Artists use different strategies to process the piercing pain, to alleviate the overwhelming feeling of loneliness, or to create the illusion of meeting or touching the person who is gone. The latter motif appears both in Polish photographer Karolina Jonderko’s project Self-portrait with my Mother and the series Ke Lefa Laka: her-story by South African artist Lebohang Kganye. Both work with their parents’ garments, trying to establish a connection through the physical object, each using their own artistic tools and aesthetics.

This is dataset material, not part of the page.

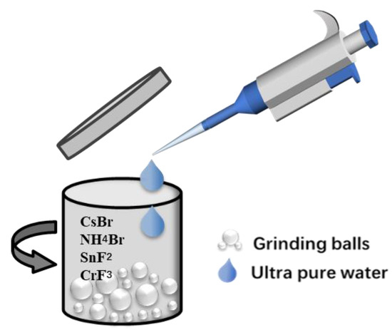 Cs4SnBr6−xFx samples were procured through a water-assisted wet ball-milling procedure. The reactant precursors employed were cesium bromide (4 mmol, CsBr, Aladdin, 99.9%), stannous fluoride (1 mmol, SnF2, Macklin, 99.9%), and ammonium bromide (1 mmol, NH4Br, Aladdin, 99.99%). To derive Cr3+-doped Cs4SnBr6−xFx with varying concentrations, the molar ratios of CsBr, SnF2, and NH4Br were retained at 4 mmol, 1 mmol, and 2 mmol, respectively, while the molar ratio of CrF3 was set at 0 mmol, 0.05 mmol, 0.1 mmol, 0.3 mmol, and 0.5 mmol, correspondingly. The precursor blend was initially placed in a jar and amalgamated with 60 μL of deionized water, followed by ball milling for 30 min at 600 rpm. The material was then dried in a vacuum oven for 60 min at 60 °C. After cooling to ambient temperature, the Cr3+-doped Cs4SnBr6−xFx powder was procured by conducting ball milling for an additional 30 min at 600 rpm. Figure 1 depicts the synthesis process of Cr3+-doped Cs4SnBr6−xFx through water-assisted ball-milling at room temperature. For PL measurement, the power samples were carefully transferred into the well of the FLS1000 solid sample holder (Livingstone, UK). The PL characteristics were evaluated using an Edinburgh Instrument FLS1000 PL spectrometer (Livingstone, UK). The PL was excited at an angle of 30 degrees relative to the surface of the samples and was collected at an angle of 60 degrees to the surface. Time-resolved PL spectra and PL excitation (PLE) spectra were also documented utilizing the same instrument. The crystallographic structures of Cs4SnBr6−xFx were analyzed via X-ray diffraction (XRD) with a Bruker D8 Advance instrument (Karlsruhe, Germany). XRD examinations were performed at 35 kV and 35 mA to determine the samples’ crystal structure. The compositional analysis of Cs4SnBr6−xFx was achieved via energy dispersive spectroscopy (EDS) utilizing a Bruker EDS QUANTAX system (Karlsruhe, Germany). The surface morphology and microstructure of Cs4SnBr6 were explored using scanning electron microscopy (SEM) implemented on a Hitachi SU5000 SEM instrument (Tokyo, Japan).

Karolina Jonderko, Holiday Clothes, from the Self-portrait with my Mother project, 2012.
Karolina Jonderko, Holiday Clothes, from the Self-portrait with my Mother project, 2012.
Karolina Jonderko, Sunday Best Clothes, from the Self-portrait with my Mother project, 2012
Karolina Jonderko, Sunday Best Clothes, from the Self-portrait with my Mother project, 2012

Karolina Jonderko decided to work with her mother’s clothes, posing in the same outfits she wore on specific occasions. Looking into old wardrobes and recognising familiar shirts and skirts, the artist remembered many forgotten memories from childhood. Touching the fabrics her mother wore may seem like a daunting task, but it has the potential to ignite a sense of connection. Each image in the series is accompanied by a caption that outlines the purpose of each outfit (such as “Holiday clothes”) and the memories the clothes evoke. The prints in the exhibition are human-sized, giving the impression of meeting a live person and prompting the question: how much of the daughter and how much of the mother is in each of these unusual self-portraits?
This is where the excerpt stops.